(MATERIAL FOR THIS TASK begins)

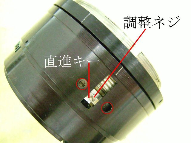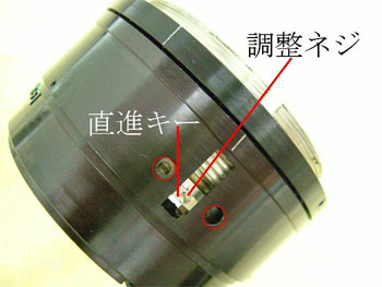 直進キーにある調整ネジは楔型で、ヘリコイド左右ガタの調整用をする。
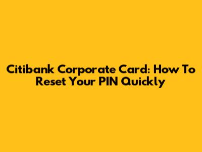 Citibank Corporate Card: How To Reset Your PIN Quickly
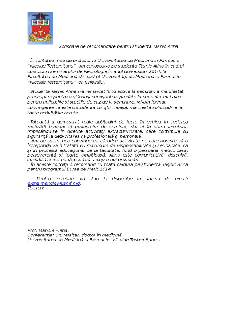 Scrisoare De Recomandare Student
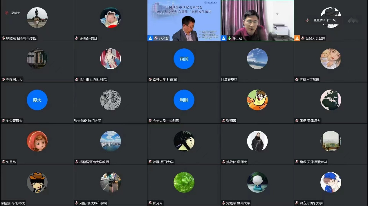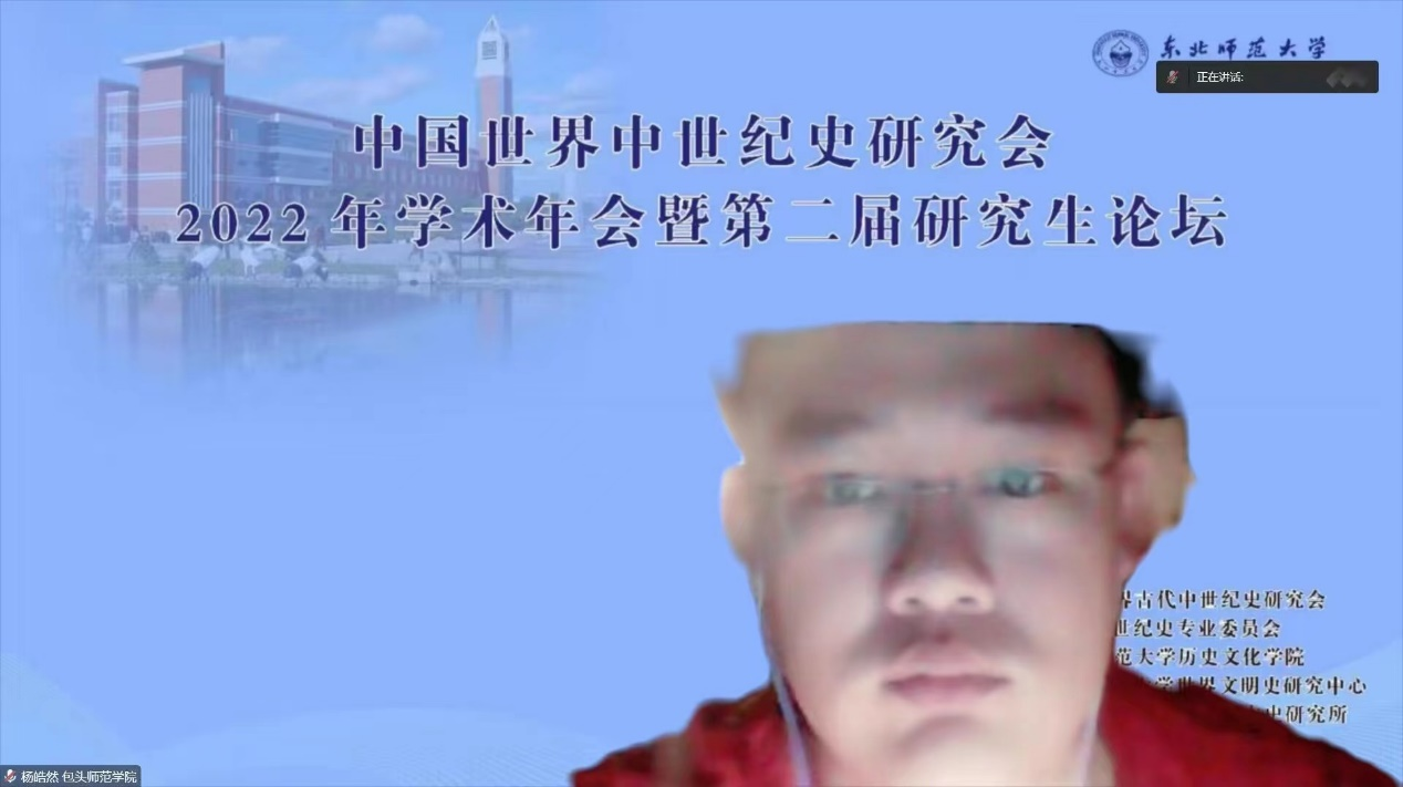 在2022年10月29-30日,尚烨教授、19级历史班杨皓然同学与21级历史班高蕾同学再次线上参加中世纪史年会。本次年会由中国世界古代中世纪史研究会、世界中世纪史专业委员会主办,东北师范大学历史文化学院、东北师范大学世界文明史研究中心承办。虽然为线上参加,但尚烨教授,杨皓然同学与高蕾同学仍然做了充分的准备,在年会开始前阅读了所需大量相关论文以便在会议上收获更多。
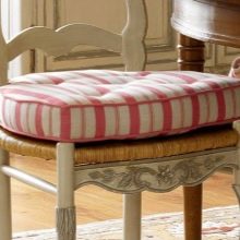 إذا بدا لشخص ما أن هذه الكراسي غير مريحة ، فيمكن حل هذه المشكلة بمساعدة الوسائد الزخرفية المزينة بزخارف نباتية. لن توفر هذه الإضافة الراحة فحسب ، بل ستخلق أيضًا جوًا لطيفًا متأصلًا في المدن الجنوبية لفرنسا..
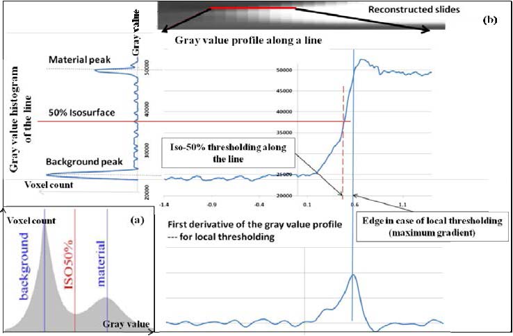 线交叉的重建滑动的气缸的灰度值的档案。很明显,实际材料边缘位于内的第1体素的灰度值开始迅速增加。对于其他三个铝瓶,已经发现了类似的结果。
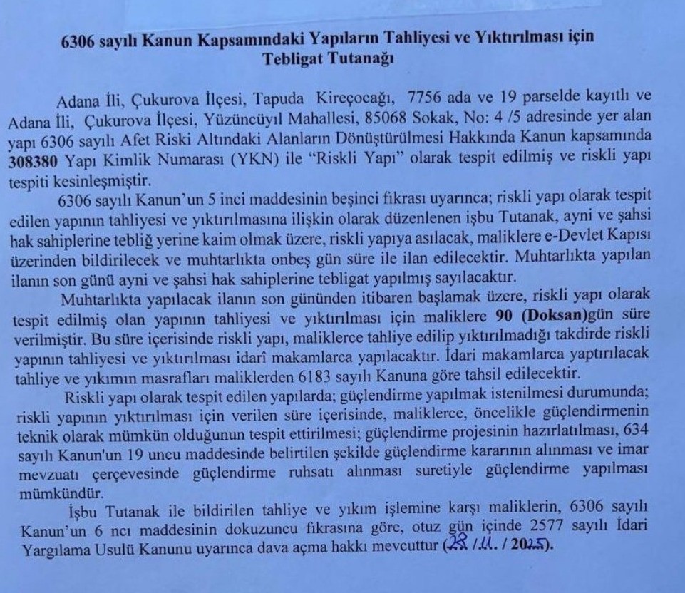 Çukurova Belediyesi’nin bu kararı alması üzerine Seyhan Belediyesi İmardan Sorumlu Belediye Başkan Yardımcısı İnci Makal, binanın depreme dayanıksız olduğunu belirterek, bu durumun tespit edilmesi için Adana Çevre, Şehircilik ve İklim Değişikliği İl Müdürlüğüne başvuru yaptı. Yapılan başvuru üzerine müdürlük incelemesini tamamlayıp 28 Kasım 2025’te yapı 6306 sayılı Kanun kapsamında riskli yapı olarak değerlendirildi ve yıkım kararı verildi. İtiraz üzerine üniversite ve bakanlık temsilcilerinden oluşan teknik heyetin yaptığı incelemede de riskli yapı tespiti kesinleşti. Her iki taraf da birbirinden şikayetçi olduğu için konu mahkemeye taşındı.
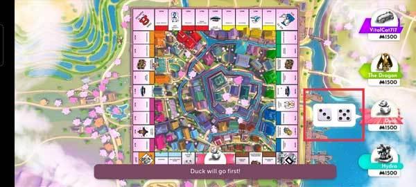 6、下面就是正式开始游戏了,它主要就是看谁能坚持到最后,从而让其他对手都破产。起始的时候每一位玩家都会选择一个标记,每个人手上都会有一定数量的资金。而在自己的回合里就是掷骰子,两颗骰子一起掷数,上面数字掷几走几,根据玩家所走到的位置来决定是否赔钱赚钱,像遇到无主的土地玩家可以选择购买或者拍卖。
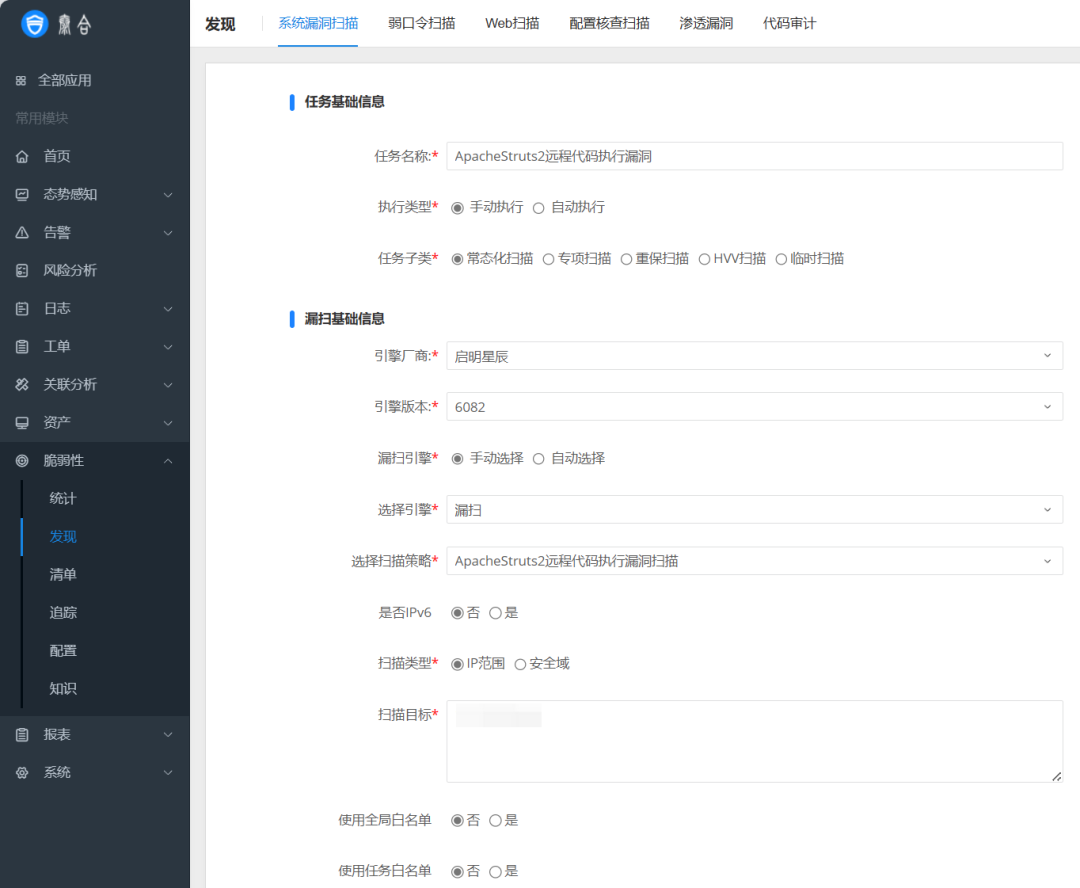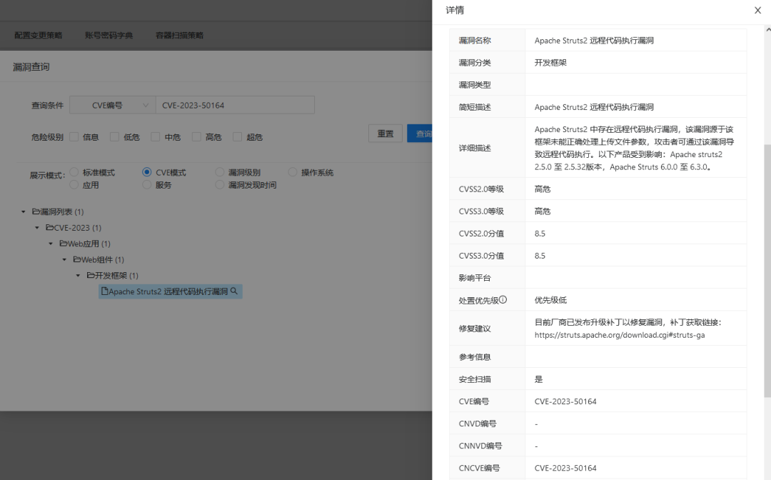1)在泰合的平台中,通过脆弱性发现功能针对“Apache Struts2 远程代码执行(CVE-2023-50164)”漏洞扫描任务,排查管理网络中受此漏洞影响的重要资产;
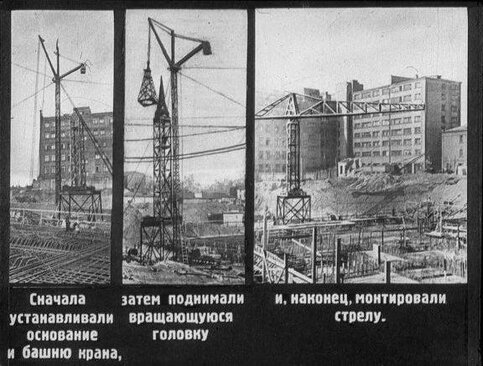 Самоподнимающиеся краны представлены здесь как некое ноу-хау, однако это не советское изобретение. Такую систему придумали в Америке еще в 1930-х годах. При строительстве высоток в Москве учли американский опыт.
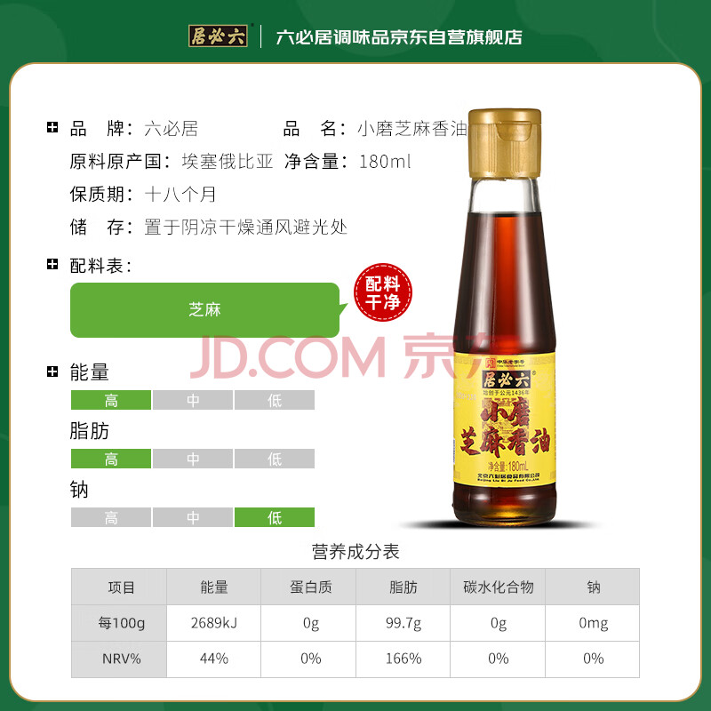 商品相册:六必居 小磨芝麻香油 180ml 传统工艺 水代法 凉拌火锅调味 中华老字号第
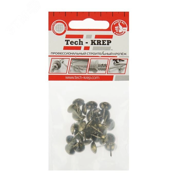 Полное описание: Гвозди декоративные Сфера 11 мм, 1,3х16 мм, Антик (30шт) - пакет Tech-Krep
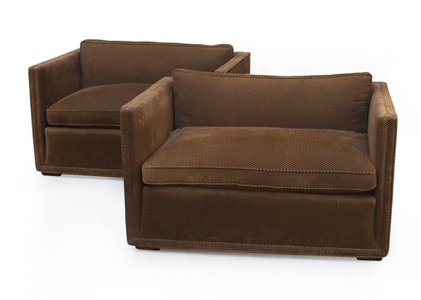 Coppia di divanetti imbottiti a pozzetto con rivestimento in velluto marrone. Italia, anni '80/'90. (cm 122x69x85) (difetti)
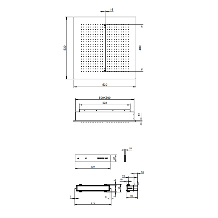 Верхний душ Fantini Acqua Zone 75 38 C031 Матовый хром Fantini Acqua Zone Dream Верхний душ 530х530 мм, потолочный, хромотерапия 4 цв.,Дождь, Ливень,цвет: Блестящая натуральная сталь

(MATERIAL FOR THIS TASK ends)

TASK BRIEF: Print only the lines from the opening line of the listing to the line containing "线交叉的重建滑动的气缸的灰度", inclusive, exactly as they appear and without pictures.

EXERCISE SOLUTION:
 直進キーにある調整ネジは楔型で、ヘリコイド左右ガタの調整用をする。
 Citibank Corporate Card: How To Reset Your PIN Quickly
 Scrisoare De Recomandare Student
 在2022年10月29-30日,尚烨教授、19级历史班杨皓然同学与21级历史班高蕾同学再次线上参加中世纪史年会。本次年会由中国世界古代中世纪史研究会、世界中世纪史专业委员会主办,东北师范大学历史文化学院、东北师范大学世界文明史研究中心承办。虽然为线上参加,但尚烨教授,杨皓然同学与高蕾同学仍然做了充分的准备,在年会开始前阅读了所需大量相关论文以便在会议上收获更多。
 إذا بدا لشخص ما أن هذه الكراسي غير مريحة ، فيمكن حل هذه المشكلة بمساعدة الوسائد الزخرفية المزينة بزخارف نباتية. لن توفر هذه الإضافة الراحة فحسب ، بل ستخلق أيضًا جوًا لطيفًا متأصلًا في المدن الجنوبية لفرنسا..
 线交叉的重建滑动的气缸的灰度值的档案。很明显,实际材料边缘位于内的第1体素的灰度值开始迅速增加。对于其他三个铝瓶,已经发现了类似的结果。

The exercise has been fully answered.